What this task involves
Look below for the line containing "Серая вязаная кофта" and the line containing "摆臂分流机适宜于分拣各类小件", then set down both and every line between them exactly, without pictures.

Data excerpts
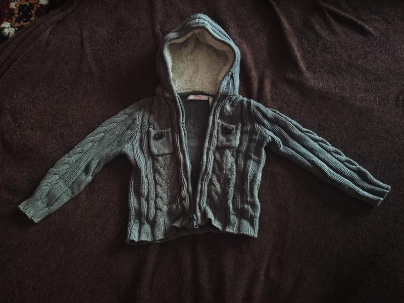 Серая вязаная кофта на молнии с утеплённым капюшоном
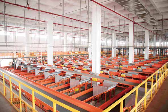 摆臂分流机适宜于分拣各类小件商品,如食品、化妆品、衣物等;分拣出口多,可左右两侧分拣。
* * *
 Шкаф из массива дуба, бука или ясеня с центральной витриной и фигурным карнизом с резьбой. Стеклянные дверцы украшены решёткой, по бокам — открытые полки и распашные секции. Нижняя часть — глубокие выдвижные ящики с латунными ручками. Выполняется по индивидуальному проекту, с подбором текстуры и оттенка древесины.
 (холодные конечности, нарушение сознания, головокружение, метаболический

Your response
 Серая вязаная кофта на молнии с утеплённым капюшоном
 摆臂分流机适宜于分拣各类小件商品,如食品、化妆品、衣物等;分拣出口多,可左右两侧分拣。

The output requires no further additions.